[EXERCISE] Please return only the lines from the one showing "1950 L'ENLÈVEMENT (El" to the end of the entries, keeping both ends and dropping every picture.

[Stored data entries]
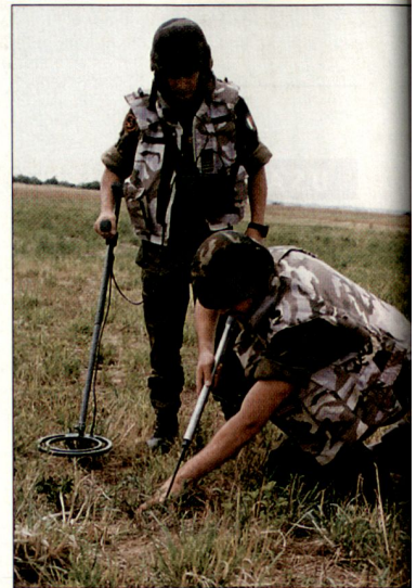
Die Minenräumung durch zivile und militärische Räumungsspezialisten kommt nur sehr langsam voran.

Die deutsche Bundesregierung unterstützt das Minenräumen in Afghanistan erneut mit einem Beitrag von 2,8 Mio. Euro. Seit 1995 hat die Bundesregierung gemäss eigener Angaben insgesamt 27 Mio. Euro für das humanitäre Minenräumen in Afghanistan eingesetzt. Unterdessen musste Anfang Juni 2005 einmal mehr das Minenräumen aus Sicherheits-
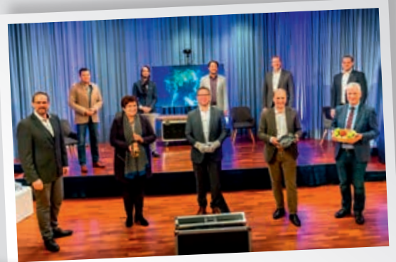
Gründung der Wirtschaftsraum Amstetten GmbH
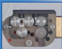
Привод Polyfil Compact с механизмом правки проволоки
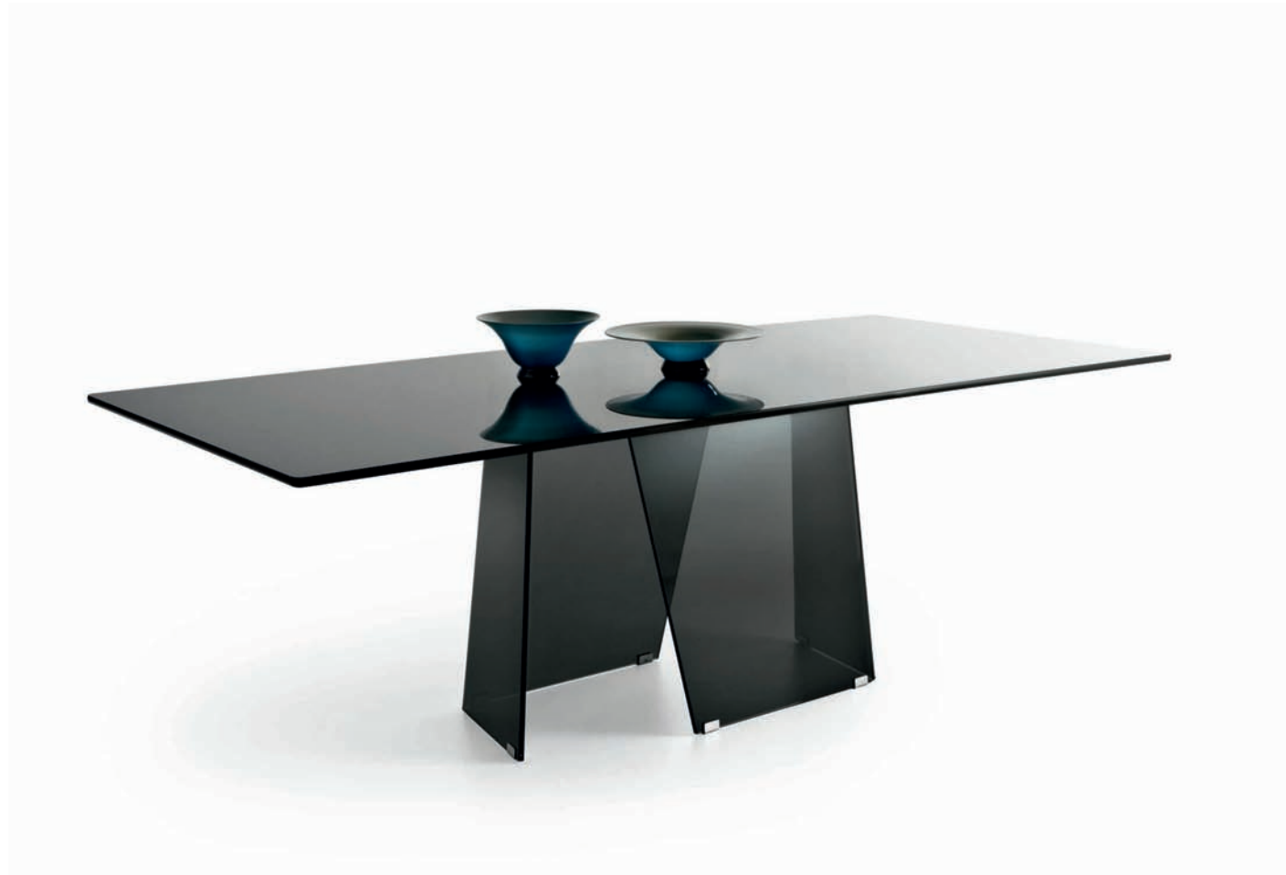
12 Naxos rettangolare / rectangular / rectangulaire / rechteckig
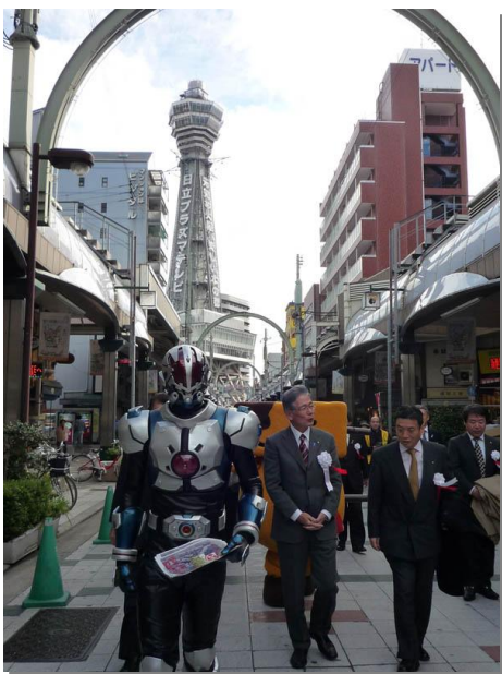
▲百年祭をPRしながら新世界「通天閣本通商店街」を歩く委員会一行。
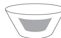
Teildekor/ partical cover 150 x 73 mm

Gesamthöhe der Schale/total height of the bowl
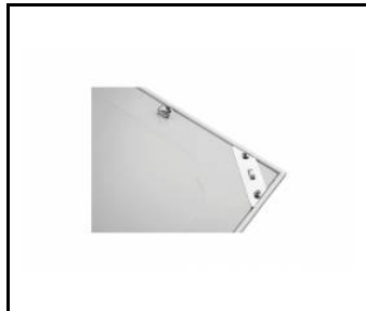
PLANO LED EVO 1
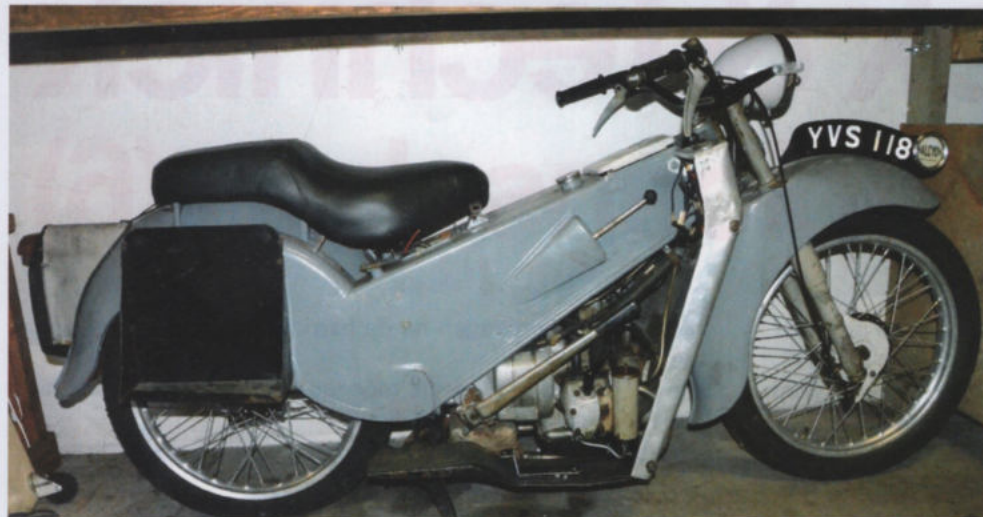
Een Velocette LE die werd gebruikt door de Britse politie.
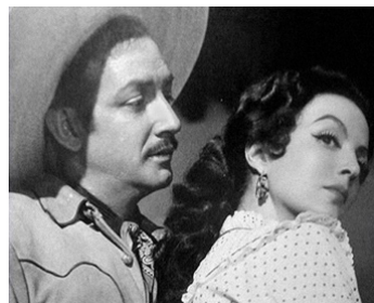
1950 L'ENLÈVEMENT (El Rapto) d'Emilio Fernandez avec Jorge Negrete
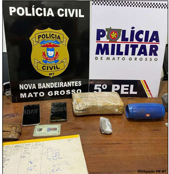
Droga e caderno do tráfico foram apreendidos

A motocicleta sem placa foi retirada e apreendida, foram encaminhados à Delegacia de Polícia Civil.

[RESPONSE BOX]
1950 L'ENLÈVEMENT (El Rapto) d'Emilio Fernandez avec Jorge Negrete
Droga e caderno do tráfico foram apreendidos

A motocicleta sem placa foi retirada e apreendida, foram encaminhados à Delegacia de Polícia Civil.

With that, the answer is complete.